Игорь тратил на мелкие конфликты слишком много энергии, злился на себя и на менеджеров, которые беспечно пили чай и болтали на офисной кухне. Вспоминал шутку Георгия о том, что капиталисту поздно конспектировать Маркса.

Но проблемы забывались, когда он принимал хорошую работу, видел законченный интерьер, в котором получалось удачно соединить несочетаемые стили, слышал от клиентов слова благодарности. Ему нравилось делать мир немного лучше. Впервые в жизни он ощущал себя хозяином своей судьбы. Менеджеры, заказчики, подрядчики ничего не знали о его прошлом, и минутами он сам начинал верить, что сможет забыть и ремень отчима, и липкие прикосновения Майкла Коваля, и черного старика с расколотым надвое черепом, который все реже навещал его во сне. Он хотел избавиться от этого груза, от внутренней раздвоенности и сложности, которой не было в других, обыкновенных людях.

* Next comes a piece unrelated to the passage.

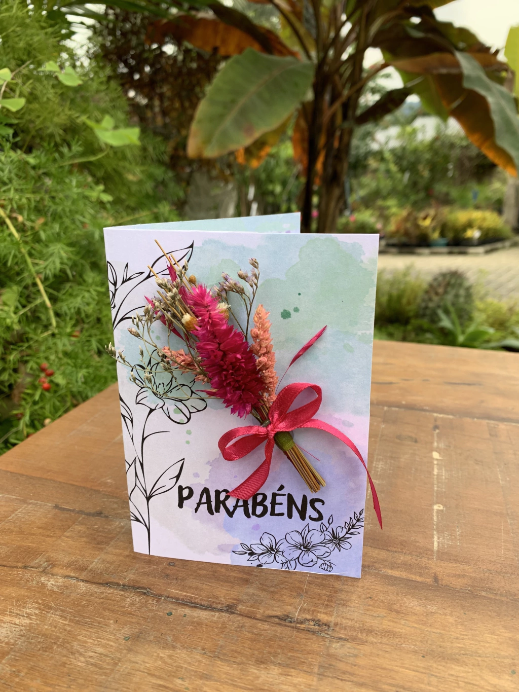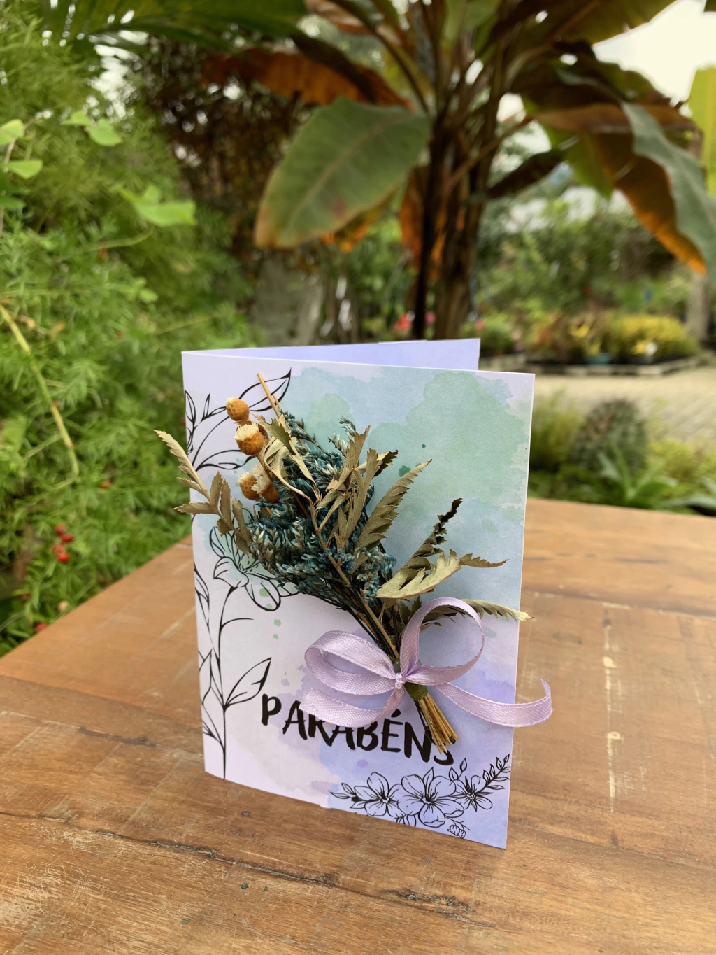 Um cartão único e especial, impresso em diferentes modelos e decorado com lindas flores secas.

Георгий поначалу не относился к его занятиям всерьез и вложил деньги в интерьерную студию без надежды на возврат - как дарят дорогую игрушку. Но постепенно и он свыкся с тем, что у Игоря появилось собственное дело, и даже начал помогать ему с рекламой и финансовой отчетностью. Иногда смеялся, лежа в постели: "Черт возьми, как подумаешь, что тебе делает минет не просто красивый парень, а руководитель высшего звена, - сразу поднимается самооценка". Игорь усмехался в ответ, хотя и чувствовал себя задетым. Он понимал, что Георгий всегда будет наполовину принадлежать прежней жизни, многое из которой ему так хотелось навсегда забыть.

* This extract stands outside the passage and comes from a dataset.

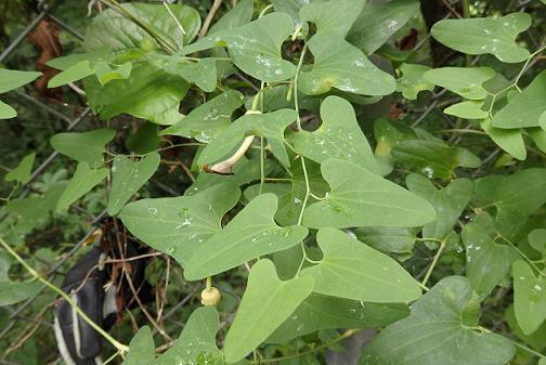 | コメント | 夏にラッパ型の花を咲かせ、この花の形が馬につける鈴に似ているらしい。 また、葉の形が馬の顔に似ているとの情報もあります。 葉は、一見ヤマノイモのような形をしていますが、ウマノスズクサの葉は厚みと光沢があるようにも 思います。 また、地域によって変異もあるようで、葉の形が微妙に違う場合もあります。 葉は対生で、葉の先端は丸みを帯びている。(ナガイモの葉は、先が尖っている) 関東より西で見られるとのこと。 数が少ないのか、滅多に出会うことはありません。 蔓性、食虫植物。 ウマノスズクサは、ジャコウアゲハの食草らしい。 ギフチョウの食草が、ウスバサイシンやカンアオイだったことを思い出す。 出会った回数が少なく、まだまだ謎が多い植物です。 追加の画像は、少し前に羽化したばかりのジャコウアゲハが多数待っていた場所で、ウマノスズクサらしい蔓性の 植物を見かけたので、写真に撮ってきました。 8月中旬なので、時期的に独特の花は無く、実のようなものが残っていました。 そして、ウマノスズクサの新芽とジャコウアゲハの産卵。 |
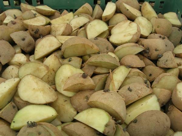 20일을 전후로 감자에서 3mm 정도의 싹(씨눈)이 자라면 1, 2개의 싹이 붙어있는 여러 조각으로 잘라준다. 잘라낸 감자속이 검은것(흑색심부병)은 불량 씨감자로 심지 않도록 한다. 탁구공 만한 작은 씨감자는 절단하지 않아도 되며, 조각낸 씨감자는 그늘에서 3~5일정도 지나면 절단된 부위의 상처가 아물고 밭에 심으면 된다. 조각낸 씨감자는 싹이 위쪽을 보거나 아래쪽을 보거나 상관없이 심어도 된다.

Винсент появился в сентябре, после отпуска, среди рабочей текучки. Целый этаж над офисом занимала редакция аналитического журнала, так значилось на электронных указателях в вестибюле бизнес-центра. По утрам, в обед и в конце рабочего дня Игорь попадал в круговорот редакционной суеты. Операторы со съемочным оборудованием, деловитые молодые женщины, мужчины в дорогих костюмах толпились у вечно занятых лифтов, обсуждая большую политику, войну в Украине, курс доллара, репрессии начальства, успехи и неудачи коллег.

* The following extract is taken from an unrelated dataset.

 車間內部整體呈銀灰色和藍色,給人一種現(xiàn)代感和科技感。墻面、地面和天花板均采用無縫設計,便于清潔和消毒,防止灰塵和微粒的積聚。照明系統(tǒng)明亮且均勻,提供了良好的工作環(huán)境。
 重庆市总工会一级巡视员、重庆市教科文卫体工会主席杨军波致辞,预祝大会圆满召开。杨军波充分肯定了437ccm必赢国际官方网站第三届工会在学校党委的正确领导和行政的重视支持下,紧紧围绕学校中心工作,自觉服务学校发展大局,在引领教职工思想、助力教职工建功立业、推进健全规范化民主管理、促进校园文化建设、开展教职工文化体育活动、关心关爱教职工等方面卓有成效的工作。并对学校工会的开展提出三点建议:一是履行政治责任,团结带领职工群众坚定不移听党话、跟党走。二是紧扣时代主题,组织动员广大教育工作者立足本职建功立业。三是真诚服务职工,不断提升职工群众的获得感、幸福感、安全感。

Улыбчивый, всегда немного заспанный парень в растянутом свитере пару раз влетал в спину Игоря, догоняя лифт. Он бормотал извинения с легким акцентом, так близко заглядывая в лицо, что был слышен запах его мятной жвачки. Наконец, в кафетерии на первом этаже, где, пользуясь монопольным положением, кормили дорого и невкусно, парень облил Игоря компотом. Снова горячо извиняясь, сообщил, что он журналист, что отец-ирландец назвал его Винсентом в честь Ван Гога, а русская бабушка из эмигрантов научила любить далекую Московию.

В виде компенсации за мокрые джинсы в тот же день принес в подарок два диска британской клубной группы. И начал заглядывать в офис к Игорю почти каждый день. Пил кофе с девочками-менеджерами, рассказывал странноватые анекдоты. "От какого овоща плачут? - От лука. - А если тыквой по морде?" "Когда начальник начинает говорить с вами вежливо, значит, скоро уволят или его, или вас". Расспрашивал Игоря о его бизнесе, о семье и, видимо, по-своему толковал уклончивые ответы.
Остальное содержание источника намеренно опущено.